The solution of the above-mentioned problems is merely illustrative and should not be construed as limiting the present invention. In addition to the exemplary embodiments described above, there may be additional embodiments described in the drawings and the detailed description of the invention.

As described above, the present invention has the following effects.

First, it automatically reduces the manual work of the digital map maker by automatically rendering lanes having extremely regular and constant form among the road surrounding features such as lanes, signs, traffic lights, and curb included in the digital map for autonomous driving vehicles , And a digital map for an autonomous vehicle manufactured through the method can be quickly updated.

Second, roads on which lane information can not be provided through an external server, roads on which lane information has not yet been updated, and lane information on the acquired images are extracted and provided to the structured editing server, thereby improving the reliability of the automatic drawing process Effect.

Third, it includes the effect of enabling more reliable lane marking by verifying the accuracy of the automated lane based on the quantity, width, length, and attribute information of the start and end points of the lane acquired in the correct position editing process.

The effects of the present invention are not limited to the effects mentioned above, and other effects not mentioned can be clearly understood by those skilled in the art from the description of the claims.

1 is a flowchart showing a conventional digital map production process.
2 is a diagram illustrating a configuration of an automatic drawing system using lane information according to an embodiment of the present invention.
FIG. 3 is a block diagram of a configuration editing server according to an embodiment of the present invention. Referring to FIG.
FIG. 4 is a diagram illustrating a configuration of a structured editing server according to an embodiment of the present invention.
5 is a flowchart illustrating an automatic drawing method using lane information according to an exemplary embodiment of the present invention.

The preferred embodiments of the present invention will be described in more detail with reference to the accompanying drawings, in which the technical parts already known will be omitted or compressed for simplicity of explanation.

The present invention relates to a method of generating a digital map for an autonomous vehicle, A technique of obtaining lane information from the image information of the road photographed through the laser scanner of the MMS vehicle and a technique of automating the lane marking process in the structuring and editing process using the obtained lane information .

First, the overall configuration of the digital map generating system for the autonomous vehicle of the present invention will be described.

2 is a diagram illustrating a configuration of an automatic drawing system using lane information according to an embodiment of the present invention.

2, the automatic drawing system using the lane information according to the present invention (hereinafter, referred to as an 'automatic drawing system') is a system in which a three-dimensional laser scanned image, which is an aerial photograph, a satellite image, When creating a digital map for an autonomous driving vehicle by generating the LAS (Location Aware System) data by editing the fixed position and re-structuring and editing the LAS data, the lane information is acquired and structured editing The digital map for the autonomous driving vehicle can be quickly and accurately displayed by automating the lane drawing process, which has a very regular and constant shape.

As a result, the amount of editing of the digital map is enormous, and the generation time of the digital map for the autonomous driving vehicle that requires quick updating can be expected to be greatly shortened.

The automatic drawing system of the present invention includes the configurations of the information collecting terminal 100, the fixed position editing server 200, and the structured editing server 300 in order to perform the functions described above.

The information collecting terminal 100 is installed in an autonomous vehicle and moves along a traveling route.

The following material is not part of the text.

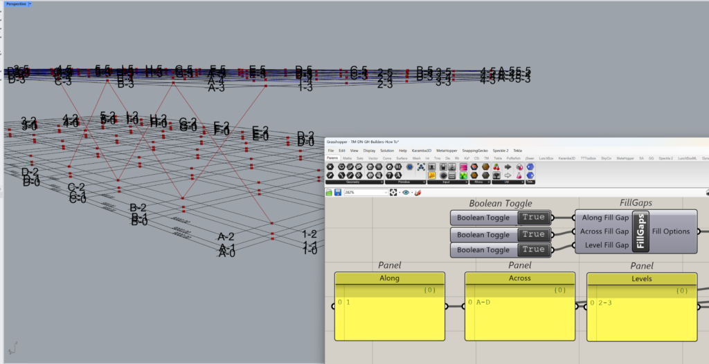 The gridline labels and their locations in terms of elevations are then used by certain inputs of the builder components which are:

The information collecting terminal 100 obtains image information of the feature on the traveling route and positional information of the image on the traveling route. The CCD camera 110 A Global Positioning System (GPS) and an Inertial Navigation System (INS) 140 for acquiring position information, an image information collection module composed of a LiDAR 120 (laser radar) And transmits the acquired image information and its position information to the in-position editing server 200 through the collection information transmitting module 150. [

Here, the configuration of the CCD camera 110, the LiDAR 120, the satellite navigation device 130, and the inertial navigation device 140 is not limited to the known essential components used in the conventional mobile mapping system And a detailed description thereof will be omitted. Also, the technical idea of the present invention is not limited to the means for acquiring video and position information, and other elements known in the process of acquiring video and position information are also used in the technical idea of the present invention Will be included.

The stationary editing server 200 receives the image and location information transmitted from the information collecting terminal 100 and generates LAS data or compares the LAS data with the actual terrain to automatically correct the existing LAS data.

To this end, the in-place editing server 200 generates LAS data based on the information collected from the information collecting terminal 100, classifies and stores the collected information, compares the collected information with the existing digital map image, In addition to the basic function of checking and correcting the target object and updating the edited digital map image, it is possible to not only receive the lane information of the road in the image information stored in the external server but also to identify and extract the lane information from the acquired image information .

Here, the description of the basic functions of the fixed position editing server 200 is distant from the gist of the present invention, and a detailed description thereof will be omitted. In the case where the external server receives the previously stored lane information, The lane information collection module 210 and the lane information identification module 220 are further included to identify and extract information.

The lane information collection module 210 receives lane information including attribute information such as the number, width, length, curves, curves, and start and end points of the lane on the road from the external server and stores the lane information together with the modified LAS data do.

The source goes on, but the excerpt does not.